Bones

FBI Special Agent Booth (David Boreanaz) is all self-righteousness and manly action. Working for the past two seasons with egghead forensic anthropologists at D.C.’s “Jefferson Institute,” he’s still trying to right the sins of his military special ops past, aided by Dr. Temperance “Bones” Brennan (Emily Deschanel).

Forget the fact that Bones was at first loosely based on the writings of real-life forensic anthropologist Dr. Kathy Reichs. Now, as Season Three begins, her connection to the ongoing narrative is scant. Instead, Bones has become a standard thwarted romance set against a backdrop of forensic anthropology, that is to say, really decomposed murdered body mysteries.
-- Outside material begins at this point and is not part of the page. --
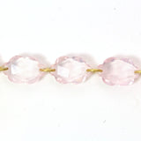 Forming a row of stones, rose quartz are carved, pierced and connected by fine gold rings.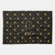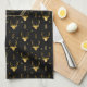 This kitchen towel features a trendy pattern of deer head silhouettes with curving antlers, stylized arrows and tiny snowflakes with a textured-effect in shades of gold on a black background Optional 'Happy Holidays' text and a label have been provided to add your name and/or other text. Search ID861 thru ID864 to see additional color options and other products in this modern, Christmas design set.

The will-they-finally-get-together shtick between Booth and Bones is hardly engaging, despite the attempted cliffhanger end of Season Two that saw the pair all dolled up for the wedding of coworkers Angela Montenegro (Michaela Conlin) and Jack Hodgins (T.J. Thyne). When Angela and Jack fled the altar, Booth and Bones were left looking like the most extremely uncomfortable couple ever.

Season Three opens on the aftermath of that moment. Both Booth and Bones have retreated into their respective spheres rather than face their anxious sexual attraction. He’s all bluster and let’s-get-going as they approach their next unsolved murder, never stopping to reflect on much of anything. She’s all mumbly and vague, refusing to see any “rational” reason she should be upset, seeking safety in her nearly hermetically sealed world lab. When Booth tries to get her back in the field, she digs in her heels. It’s a big bore.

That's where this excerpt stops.